From f736d2be86b8a76d2ced3d41ced8b172c24a1eeb Mon Sep 17 00:00:00 2001
From: Kewe63 <Kewe63@users.noreply.github.com>
Date: Fri, 15 May 2026 16:56:05 +0300
Subject: [PATCH] fix(vision): detect vision-capable custom providers via
 ProviderProfile flag

_supports_media_in_tool_results() had a hardcoded provider allowlist
that missed custom providers and newer vision-capable providers like
xiaomi. Added ProviderProfile.supports_vision flag and made the
function check:

1. Registered provider profile (supports_vision flag)
2. Model capabilities from models.dev catalog (supports_vision)
3. Existing hardcoded allowlist (unchanged)

This fixes HTTP 400 "text is not set" errors when vision-capable
custom providers receive text-only tool results instead of
multipart image content.

Related: #25594
---
 plugins/model-providers/xiaomi/__init__.py |  1 +
 providers/base.py                          |  9 ++++++++
 tools/vision_tools.py                      | 25 +++++++++++++++++++++-
 3 files changed, 34 insertions(+), 1 deletion(-)

diff --git a/plugins/model-providers/xiaomi/__init__.py b/plugins/model-providers/xiaomi/__init__.py
index aed0d8424..93c7dbb29 100644
--- a/plugins/model-providers/xiaomi/__init__.py
+++ b/plugins/model-providers/xiaomi/__init__.py
@@ -9,6 +9,7 @@ xiaomi = ProviderProfile(
     env_vars=("XIAOMI_API_KEY",),
     base_url="https://api.xiaomimimo.com/v1",
     supports_health_check=False,  # /v1/models returns 401 even with valid key
+    supports_vision=True,  # mimo-v2-omni is vision-capable
 )
 
 register_provider(xiaomi)
diff --git a/providers/base.py b/providers/base.py
index 01023ff55..d7ff470d8 100644
--- a/providers/base.py
+++ b/providers/base.py
@@ -56,6 +56,15 @@ class ProviderProfile:
     auth_type: str = "api_key"   # api_key|oauth_device_code|oauth_external|copilot|aws_sdk
     supports_health_check: bool = True  # False → doctor skips /models probe for this provider
 
+    # ── Vision support ────────────────────────────────────────
+    # True when the provider's API accepts image content inside
+    # tool-result messages natively.  Set on providers that expose
+    # multimodal models via tool results (Anthropic Messages API,
+    # OpenAI Chat Completions, Gemini, Xiaomi, MiniMax, etc.).
+    # Falls back to model-catalog lookup when False and the provider
+    # has no registered profile.
+    supports_vision: bool = False
+
     # ── Model catalog ─────────────────────────────────────────
     # fallback_models: curated list shown in /model picker when live fetch fails.
     # Only agentic models that support tool calling should appear here.
diff --git a/tools/vision_tools.py b/tools/vision_tools.py
index 10e97298a..253856b9b 100644
--- a/tools/vision_tools.py
+++ b/tools/vision_tools.py
@@ -540,7 +540,9 @@ def _supports_media_in_tool_results(provider: str, model: str) -> bool:
         results.
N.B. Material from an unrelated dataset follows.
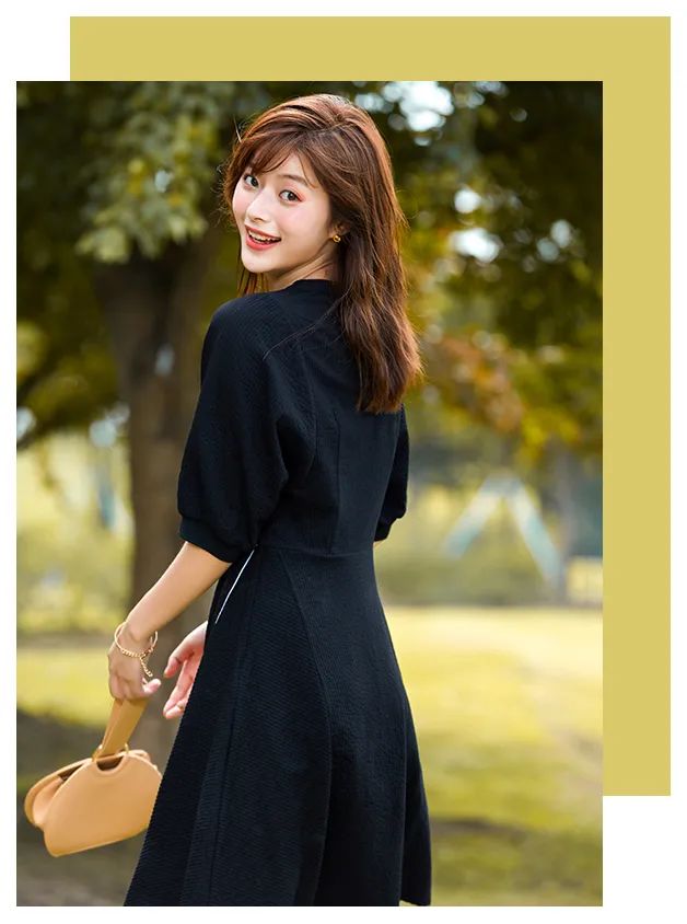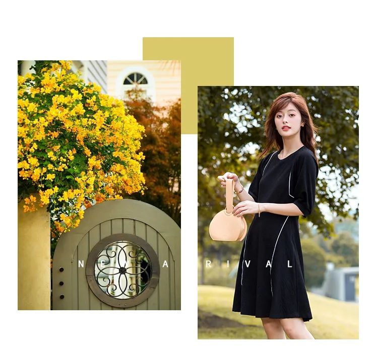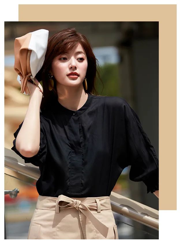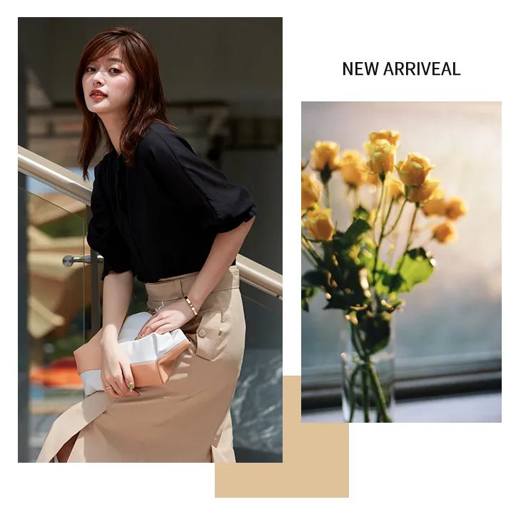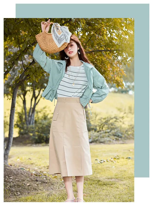 内衬条纹针织上衣,下搭简洁卡其色半裙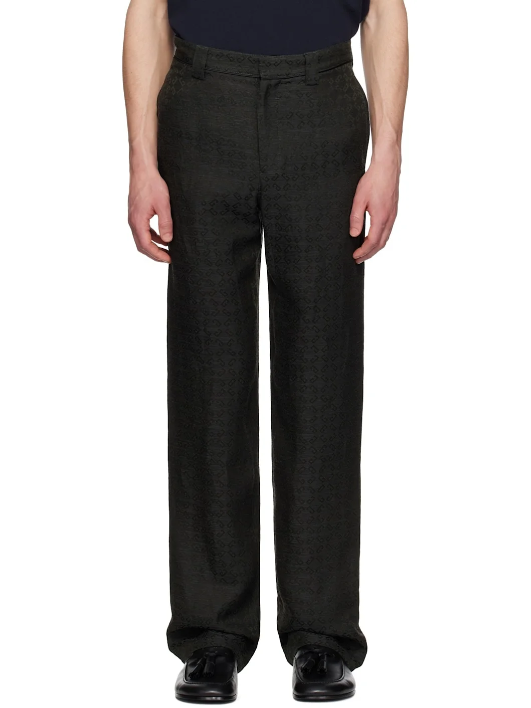 Plain-woven acetate- and linen-blend trousers. Jacquard logo pattern throughout. · Belt loops · Four-pocket styling · Zip fly · Partial cupro satin lining Supplier color: Dark grey Body: 49% acetate, 30% linen, 21% viscose. Lining: 100% cupro. Made in Italy 251278M191007

Older Gemini does NOT.
 
     For unknown / legacy providers we conservatively return False — the
-    caller falls back to the legacy aux-LLM text path.
+    caller falls back to the legacy aux-LLM text path.  The check is relaxed
+    when the provider's ``ProviderProfile`` declares ``supports_vision=True``
+    or when ``get_model_capabilities`` reports vision support for the model.
     """
     if not isinstance(provider, str):
         return False
@@ -577,6 +579,27 @@ def _supports_media_in_tool_results(provider: str, model: str) -> bool:
             return True
         return False
 
+    # Check the provider's registered profile for the supports_vision flag.
+    # This covers vision-capable providers like xiaomi, minimax, etc. that
+    # aren't in the hardcoded list above.
+    try:
+        from providers import get_provider_profile
+        profile = get_provider_profile(p)
+        if profile is not None and profile.supports_vision:
+            return True
+    except Exception:
+        pass
+
+    # Check model capabilities from the models.dev catalog as a final
+    # fallback for custom providers whose models happen to be registered.
+    try:
+        from agent.models_dev import get_model_capabilities
+        caps = get_model_capabilities(provider, model)
+        if caps is not None and bool(getattr(caps, "supports_vision", False)):
+            return True
+    except Exception:
+        pass
+
     # Other vision-capable provider stacks. Conservative default: False.
     # Add explicit entries here as we verify each provider's tool-result
     # multimodal support empirically.